To extract the representations that were generated by the DCNNs, we ran the trained models in evaluation mode on a predefined set of image stimuli. The face images were first aligned using the MTCNN face alignment algorithm (Xiang & Zhu, 2017). After alignment, the images were normalized with the standard ImageNet normalization (M = [0.5, 0.5, 0.5], SD = [0.5, 0.5, 0.5]). We first measured the pixel-based representations of all face images. We then examined the representations at the penultimate, fully connected (fc7) layer. This is the final hidden layer that generates the final representation that is transformed to the output probability layer. 

We calculated the Euclidean distances between the penultimate layer (fc7) embeddings of the following pairs of faces: same identity faces—same view, same identity faces—quarter view, same identity faces—half view, and different identity faces—same view (as shown in Figure 2A) for 15 different identities. The face alignment procedure failed to detect four of the half-view faces, so we only had 11 face pairs in the frontal-half-view condition. The distance scores were normalized by dividing the measured distances by the maximal distance value in each run across all stimuli and conditions. This resulted in a normalized score that ranged from 0–1. These distance scores were calculated for each of the 64 DCNNs, as well as for a pixel-based representation based on the pixel values of the images and for the identity-based representation based on the values of the penultimate (last hidden – fc7) layer of the fully face-trained DCNN (Abudarham et al., 2021). Finally, to measure the similarity between each of the 64 trained DCNNs and the baseline models (pixel-based and identity-based), we calculated the Euclidian distance between the normalized mean distances of the four types of face pairs (dividing the distance of each pair by the sum of the distances of the four pairs) of each trained DCNN with each baseline models. Smaller distances indicate that the DCNN is more similar to the pixel model (Figure 2D) or the identity model (Figure 2E). 

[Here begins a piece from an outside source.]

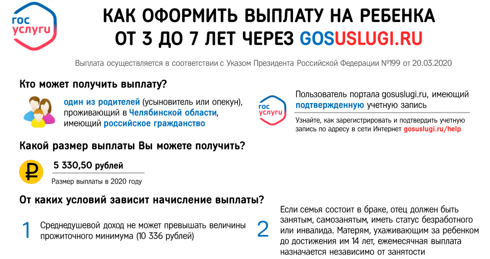 Для того, чтобы получить это пособие, необходимо зайти на сайт gosuslugi. ru, ввести логин и пароль, найти и выбрать услугу «Ежемесячная выплата на детей от 3 до 7 лет».

We calculated the Euclidean distances between the representations of the following four conditions: Same, Non-Critical, Critical, and Different (See Figure 3A). Each condition includes 25 image pairs. Distances were calculated for a pixel-based representation based on the pixel values of the images and for the other representations based on the penultimate layer. We then performed the same analysis that is described in the previous section to measure the similarity of each of the 64 models with a pixel-based or an identity-based representations (see Supplementary Figure S2). 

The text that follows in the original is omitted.